El viaje continuó al día siguiente. “El puerto de Peulla está situado frente al Techado, en el extremo Nordeste del lago Todos los Santos, donde éste muere entre juncales. Es un lugar encajonado, el bosque y la montaña empiezan a pocos pasos detrás del hotel, que con el muelle y las bodegas pertenecen a la empresa Andina del Sur. Una pintoresca cascada se descuelga por una grieta de la montaña, y el arroyo que alimenta salta hacia el lago entre helechos y las hojas monstruosas del pangui, cuyos tallos llamados nalca, de un sabor ácido, son estimados como refrescantes por los campesinos. De Peulla, el camino sigue a lo largo del río del mismo nombre hasta el lugar llamado Casa Pangue, donde se toman mulas para pasar al cumbre, cuya altura es de 1.050 metros. Partimos de Peulla en coche”.

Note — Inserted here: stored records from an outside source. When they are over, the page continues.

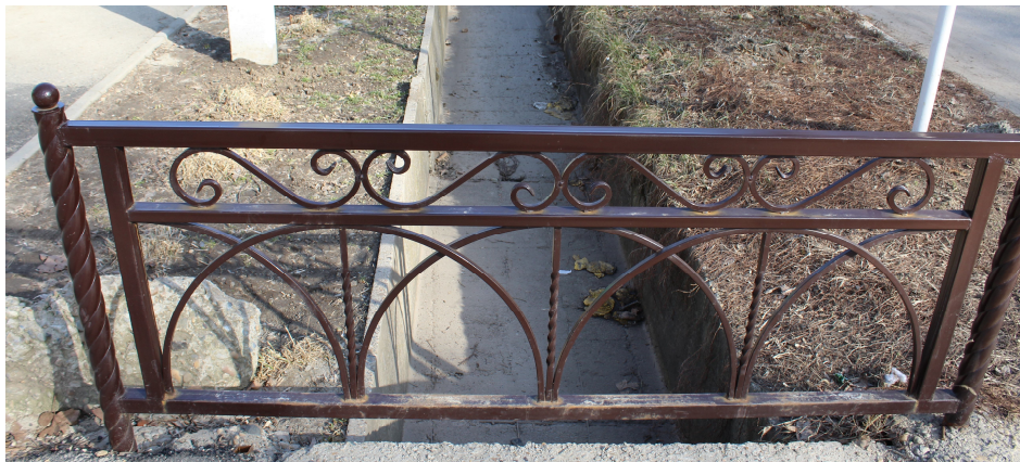
ВАРИАНТ ОГРАЖДЕНИЯ ПЕШЕХОДНОГО МОСТИКА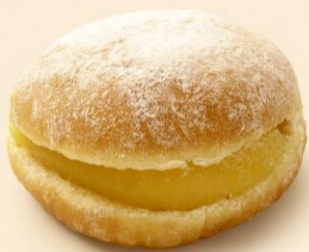
BOLA DE BERLIM 100g / 30 uni COD: D1065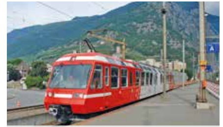
Der Mont-Blanc-Express ist abfahrtbereit

Dice el texto que había llovido tanto, que más que hacer tracción, el auto navegaba. “Repentinamente asoma el Tronador a la derecha del camino: tres picos formidables de hielo, que parecen cincelados en el cielo azul oscuro; uno de ellos me recuerda la destruida piedra movediza del Tandil”, anotó Elflein, con poco sentido de la justicia. “Desde Casa Pangue, un excelente camino ‘planchado’ se interna en el Paso Pérez Rosales, antigua senda de descubridores, misioneros, mercaderes y contrabandistas, que sube en espirales hacia la cumbre, donde volveremos a cruzar la frontera.

Una ardorosa impaciencia se apodera de nosotras a medida que nos aproximamos al hito. Cuando lo divisamos entre los árboles, tuvimos la impresión neta de haber regresado a la patria; impresión que una de las tres compañeras tradujo igualmente con la exclamación espontánea y consoladora: -¡ay, ya estamos en casa!” Las viajeras estaban a 2.000 kilómetros de su Buenos Aires, pero sus espíritus antecedieron a sus cuerpos.